復方甘草酸苷對過敏性紫癜患兒外周血T輔助細胞功能影響

劉娟娟 肖 靜 張秋業(yè)

青島大學醫(yī)學院附屬醫(yī)院兒科，山東青島 266003

Henoch-Schonlein purpura(HSP) is one kind of common allergia vasculitis in the pediatrics Department, the disease mostly strikes preschool children and school age children,its clinical manifestations are nonthrombocytopenic palpable purpura,arthralgia,stomachache and nephritis etc.The etiology and pathogenesis of HSP are still not thoroughly clear. At present,some studies have shown that obvious immunity disorder exists in the body of HSP sick children[1-3], mainly including humoral immun disorders, T cell subset dysfunction,abnormal cytokine expression etc.In recent years, the role of T helper cell dysfunction in HSP disease has attracted widely attention.There is no special clinical treatment for HSP currently,in recent years,some researches showed that compound glycyrrhizin was effective for treatment of HSP[4],but there are few reports about teatment mechanism.In this study,level variation of IFN-γ,IL-4 and IL-17 in peripheral blood plasma of children with HSP before and after treatment was detected,effect of compound glycyrrhizin on function of T helper cell in peripheral blood of HSP sick children was also discussed,thus its therapeutic mechanism for HSP was observed,which provides theoretical foundation for clinic treatment of HSP.

1 Materials and methods

1.1 Object of study

1.1.1 HSP group In this study we choose 39 cases of acute stage HSP sick childrens who hospitalized in Affiliated Hospital Qingdao University Medical College from October 2012 to June 2013, including 23 cases of boys,16 cases of girls, age range from 3years to 14 years,the average age was 7.4 years old. The patients were randomly divided into two groups(the differences of degree of the disease’s severity beteen the two groups had no statistical significance),20 cases in compound glycyrrhizin treatment group,19 cases in glucocorticoid treatment group.
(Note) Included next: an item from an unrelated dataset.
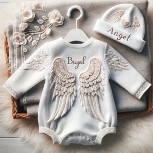 Deze set bestaat uit een rompertje en een bijpassende deken, beide met liefdevol handgemaakte engelenvleugels. Het unieke aan dit product is dat het personaliseerbaar is met de naam van de baby, wat het een extra persoonlijke touch geeft. Of het nu gaat om het verlaten van het ziekenhuis of om een speciale fotoshoot, deze outfit zal zeker de show stelen en prachtige herinneringen creëren.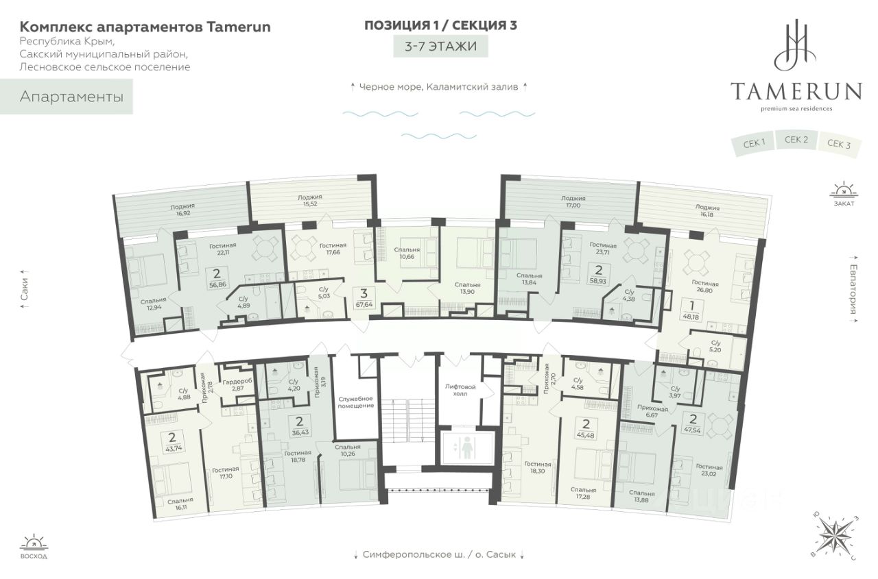 Продаются 2-комнатные апартаменты в строящемся доме (Этап 1 (Секции 1-3)), срок сдачи: IV-кв. 2028, общей площадью 47.54 кв.м., на 6 этаже. "Tamerun" - морская резиденция на Западном берегу Крыма, между городами Евпатория и Саки.

In compound glycyrrhizin treatment group,11 cases of them were boys,9 cases were girls,the average age was 8.1 years old,clinical features were as follows: 14 cases were suffered from single skin disease, 4 cases were suffered from skin disease and abdominal disease,2 cases were suffered from skin disease and arthropathy.In glucocorticoid treatment group,12 cases were boys,7 cases were girls, age range was 3-14 years old,average age was 6.8 years old,clinical features were as follows:12cases were suffered from single skin disease,4 cases were suffered from skin disease and abdominal disease,3cases were suffered from skin disease and arthropathy.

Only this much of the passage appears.